I pulled over onto a side street and let the engine idle. What did I say to that? My name would be all over the town paper as a
bass fisher
. I’d probably have to talk about how much I liked it, which would mean the game was up. People like Fitz and Sylvia would discover that, despite everything I’d told them, I really loved being on the boat and on the water. I’d be outed.

I took a deep breath. The conversation I’d had with Mrs. Miller was still fresh in my head. Maybe bass fishing was the start to something bigger in my life. Maybe it could open doors down the road. And maybe that wasn’t such a bad thing.

“Yeah, okay,” I said to Rod. “How about I meet you at Tickywinn’s tonight at eight?”

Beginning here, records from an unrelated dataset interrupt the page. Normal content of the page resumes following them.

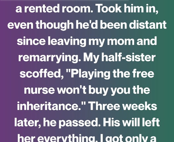 I discovered by chance that my father had spent his final weeks alone in a small rented room on the outskirts of town. A neighbor mentioned it casually—an elderly man who rarely went outside, who had no visitors. When she said his name, a tightness settled in my chest. He hadn’t truly been a father to me for a long time. After he left my mother, he built a new family and gradually drifted out of my life. Calls became infrequent. Conversations turned cautious and distant. Even so, when I learned he was seriously ill—terminally so—I didn’t hesitate. I brought…
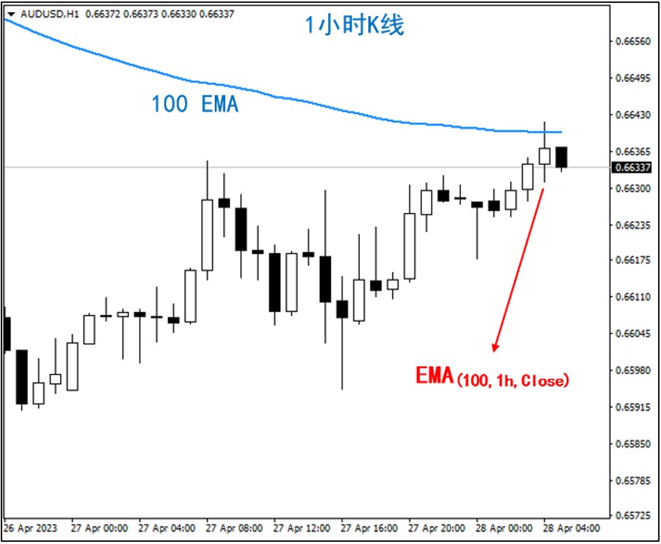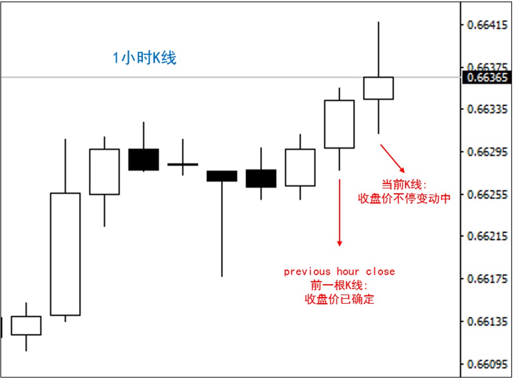 首先,当前K线的价格能否确实站上100 EMA,只有等这根K线跑完的时后才有办法知道,因此我们必须使用previous hour close这样的逻辑得到一个已经结束的K线的收盘价,可参考下图理解这样的关系。
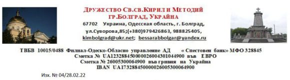 Дружество на бесарабските българи „Св. св. Кирил и Методий“ – гр. Болград, Украйна, е изпратило на 28 февруари обръщение до президента Румен Радев, председателя на НС Никола Минчев, премиера Кирил Петков, външния министър Теодора Генчовска, председателя на Комисията по външна политика Венцислава Любенова, председателя на Комисията по политиките за българите извън страната Антоанета Цонева и др. В обръщението се казва:
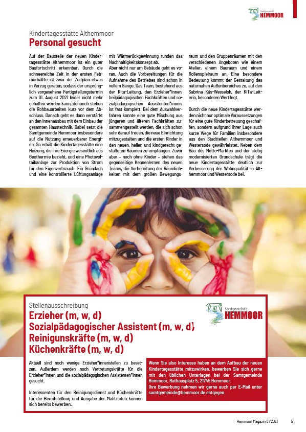 Kindertagesstätte mitzuwirken, bewerben Sie sich gerne
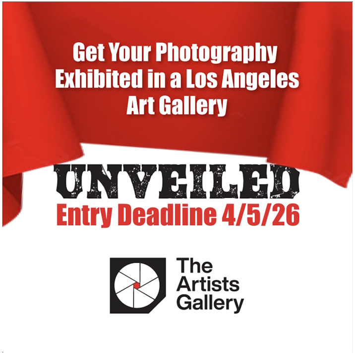 TAG Gallery in Los Angeles, California seeks entries for a juried photography exhibition, April 22 - May 15, 2026. Best of Show receives a Solo show in Lazarus Gallery at TAG, and three honorable mentions. Jurors: Eric M. Renard and Joe Doherty. Entries must be original photographs of the artist's own execution, all artwork must be for sale, and under 30 inches. Open to photographers/artists 18 yrs +. $40 entry fee. Deadline: April 5, 2026. More info. Contact: email or call 323-297-3061.International
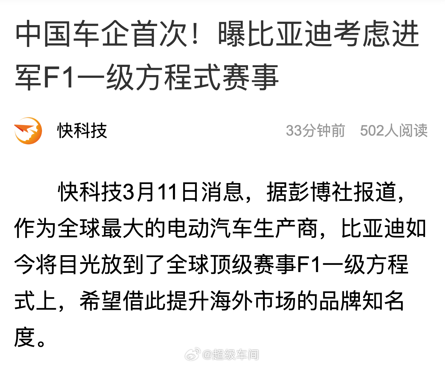 刚刚看到新闻:比亚迪正在评估进军F1,可能是自建车队,也可能是收购。
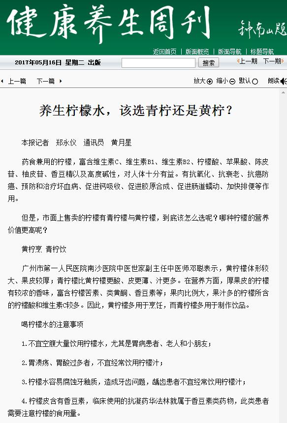 《健康养生周刊》:养生柠檬水,该选青柠还是黄柠? 2017年5月16日A02版
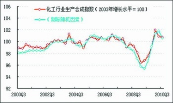 进一步剔除随机因素后,化工行业生产合成指数为100.5点(见化工行业生产合成指数走势图中蓝色曲线),略低于未剔除随机因素的生产合成指数。
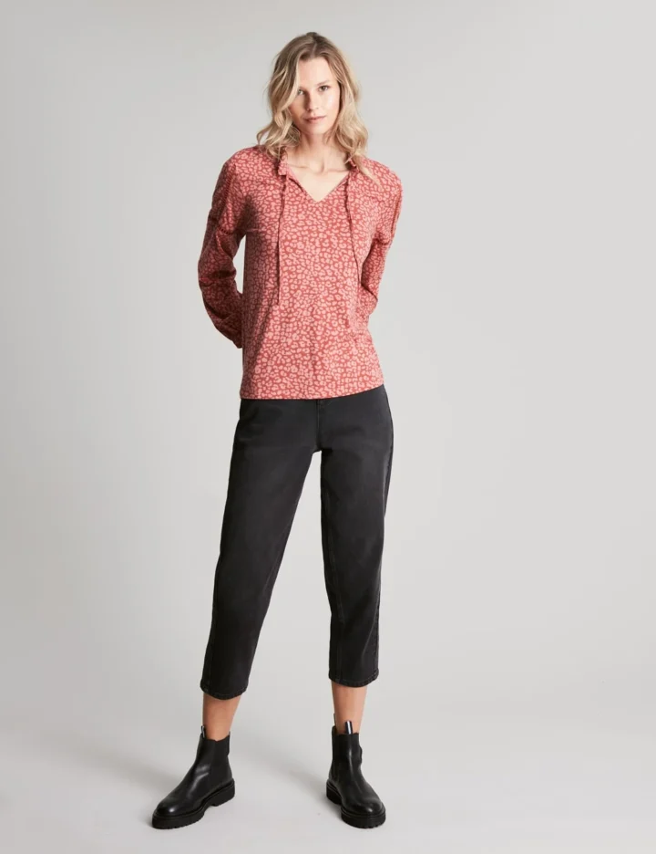 This blouse from Joules is crafted from flowing cotton-modal fabric for a beautiful drape. It’s designed in a regular fit, with a frill and tie at the flattering v-neckline. An animal print ensures a bold look, while cutwork inserts on the arms lend textural interest. The sleeves are gathered at the cuffs for extra volume and the brand’s embroidered hare adds a playful finishing detail on the hem.
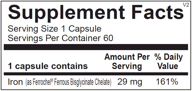 • Provides 29 mg elemental iron in a highly absorbable, gentle ferrous bisglycinate form

“Perfect,” Rod replied. “See you then.”

 

When my mom came home a few hours later, part of me hoped she might start talking about prom, maybe filling me in on what the administration was saying about it. Another part of me wanted to tell her what I knew. And still another part of me just wanted to see her. We hadn’t spoken much since the
Sense and Sensibility
fight.

She’d gone grocery shopping—leave it to my mom to still tick off her to-do list while the school panicked—and hauled all the bags into the kitchen by herself.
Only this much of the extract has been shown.